Практически в самом начале своего повествования автор обратился к системе организации следственных действий на начальном этапе. Он остановился на абсолютном бездействии местной полиции в изобличении преступников, ее коррумпированности и продажности, волоките, а также отвратительной работе губернской администрации, допустившей такое разложение. Следует отметить, что во втором издании Георгий Георгиевич провел прямые аналогии с работой киевской полиции в «деле Бейлиса»15. Там, как и в Саратове, приставы и следователи (например, Красовский и Мишук) тоже были отстранены от дел и отданы под суд. Как в «Саратовском деле», так и в раскрытии преступления в Киеве своим успехом следствие обязано энергичным действиям Петербурга. «Отделываться расследованиями ничего не обнаруживающей городской полиции больше нельзя было, и губернатор возложил
следствие на особого чиновника Волохова, которого вскоре сменил следователь, специально присланный из Петербурга - надворный советник Дурново»16. Н. С. Дурново был доверенным человеком министра внутренних дел Д. Г. Бибикова. Замысловский, характеризуя его, не жалеет эпитетов. «Необычайной энергии, искусству, полной неподкупности этого деятеля... и обязано своим раскрытием одно из интереснейших и ужаснейших судебных дел русской уголовной летописи»17. Замысловский не говорит о масштабе следственных действий Дурново. Количество арестованных превысило все возможности их содержания в городском тюремном замке, и следствие арендовало дополнительный дом у отца одного из главных свидетелей «сманивания» евреями убитого Шерстобитова, мальчика Канина. Репрессиям подверглись не только евреи - местные жители, но и должностные лица. Н. С. Дурново был наделен широкими полномочиями. Практически сразу после его приезда на приставов трех частей Саратова Кузьмина, Константинова и Вандышева были заведены дела и они были отстранены от следствия как покрывавшие евреев. Также от следствия был отстранен и обер-полицмейстер г. Саратова подполковник Вестман18. В ответ на это саратовский губернатор М. Л. Кожевников объявил им благодарность19. Это привело к сложным отношениям между ним и Дурново. Чуть больше чем через год, 25 июля 1854 г., Дурново добился отстранения губернатора как мешавшего следствию20. М. Л. Кожевников, почти десять лет возглавлявший губернию, был отправлен в отставку 17 сентября 1854 года21. По отзывам современников, он был честным и порядочным человеком. Бывший атаман Уральского казачьего войска и саратовский губернатор умер в бедности в Москве22. Его место занял А. Д. Игнатьев, уволенный за злоупотребления в 1860 г. после статьи Герцена в «Колоколе».

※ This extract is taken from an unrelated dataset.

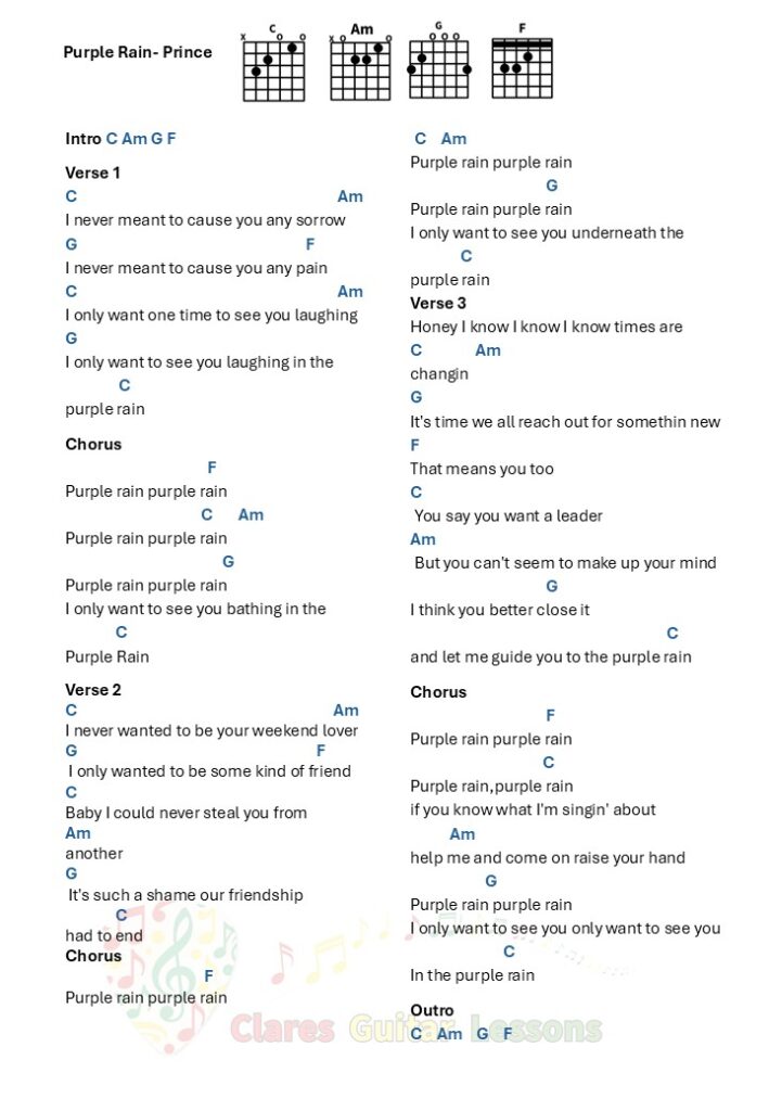 Wecome to my guitar lesson and chord sheet of Purple Rain (reggae version) by American musician Prince. Purple Rain was released in 1984. This reggae version is in the key of C and has the chords C, G, Am and F.

28 июля 1854 г. Дурново был назначен и. д. вицегубернатора, сосредоточив в своих руках весь административный ресурс23. Осенью того же года были отстранены от должности и отданы под суд обер-полицмейстер и упоминавшиеся частные приставы. Даже чиновник по особым поручениям Волохов, еще до приезда Дурново направивший расследование по «ритуальному» следу, в марте 1855 г. был уволен. При восстановлении в должности в рапорте губернатору Игнатьеву в 1857 г. он отметил, что «и. д. вице-губернатора Дурново коварно служил Вам в 1854-1855 году»24. Окончание карьеры Дурново в Саратовской губернии совпало с отстранением в 1855 г. от должности министра Д. Г. Бибикова. Он был в сентябре 1955 г. переведен и. д. вице-губернатора Виленской губернии, которой руководил брат бывшего министра И. Г. Бибиков. После его отставки, через год, Дурново в течение года (до 1857 г.) служил в Олонецкой губернии25. Замысловский, естественно, не пишет подробно о разгроме губернии, о странностях карьерного роста Дурново. В работе
он представлен как «рыцарь без страха и упрека». И это понятно. По совместительству надворный советник Николай Сергеевич Дурново был еще и отцом Петра Николаевича Дурново, который на момент написания работы был лидером крайне правых в Государственном совете. Г. Г. Замыс-ловский, в том числе, отвечал и за координацию работы правых фракций Государственной думы и Государственного совета. Поддержка правых в Государственном совете, особенно П. Н. Дурново, в предстоящем процессе была необходима.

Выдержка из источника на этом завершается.